Lethality, Clinical Symptoms and Body weight:

In 2000 mg/kg bw 4-Nitrophenyl phosphate disodium salt (CAS No 4264-83-9) dose group, three rats died on the treatment day between 30 minutes and 1 hour after the treatment. Three rats survived until the end of the 14-day observation period in the same dose group.

All rats treated with 300 mg/kg bw dose of test item survived until the end of the 14-day observation period.

In the first step, CNS symptoms (decreased activity, tonic convulsion, vocalisation), disturbances of autonomic functions (tachycardia, dyspnoea), disturbances of coordination (prone position, incoordination, abnormal gait), decreased righting reflex and decreased muscular tension (body-, abdominal- and grip and limb tone) were observed in animals on the treatment day between 30 minutes and 4 hours after the treatment.

In the second step, CNS symptoms (decreased activity, tonic convulsion), disturbances of autonomic functions (tachycardia, dyspnoea), disturbances of coordination (prone position, incoordination, abnormal gait), decreased righting reflex and decreased muscular tension (body-, abdominal- and grip and limb tone) were observed in animals on the treatment day between 30 minutes and 4 hours after the treatment.

In the third and fourth step, no clinical symptoms were observed on the day of the treatment and during the 14-day observation period, the general state and behaviour of experimental animals were normal.

A body weight loss was observed in two females of group 1(2000 mg/kg bw) on the second week. This body weight loss was not strong and the body weight of animal exceeded the original body weight by the end of study, thus it can be evaluated as an individual variation without toxicological meaning.

The mean body weight of 300 mg/kg bw groups corresponded to their species and age throughout the study.

Gross Pathology:

Three animals treated with 2000 mg/kg bw dose died spontaneously during the study. Three animals of the same dose and six animals of the 300 mg/kg dose were sacrificed as scheduled during the study. All organs of all experimental animals treated with 2000 mg/kg bw or 300 mg/kg bw dose proved to be free of treatment related gross pathological changes.

Evaluation:

The method used is not intended to allow the calculation of a precise LD50 value.

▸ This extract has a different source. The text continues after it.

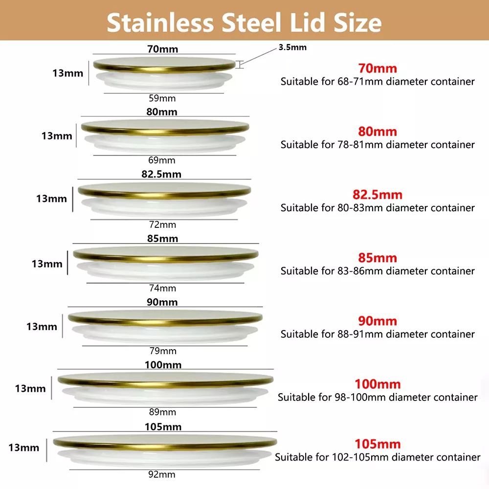 Capacele noastre de borcan cu oțel inoxidabil de imprimare a ecranului sunt disponibile într -o varietate de dimensiuni, toate cu o înălțime totală de 13 mm. Dimensiunile specifice și deschiderile de containere compatibile sunt prezentate mai jos:

The test item was ranked into classes of Globally Harmonized Classification System (GHS) described in the OECD Guideline No. 423 as below:

Dose (mg/kg bw)	Mortality (dead/treated)	LD50 (mg/kg bw)	GHS category
300	0/6	between 300 and 2000	4

The test item was ranked into classes of the current EU Regulation on classification, labeling and packaging (CLP) (EC) No 1272/2008 as below:

Dose (mg/kg bw)	Mortality (dead/treated)	LD50 (mg/kg bw)	CLP category
300	0/6	between 300 and 2000	4

In conclusion, the LD50 of the test item 4-Nitrophenyl phosphate disodium salt (CAS No No 4264-83-9) ) is between 300 mg/kg and 2000 mg/kg bodyweight by oral route in the rat.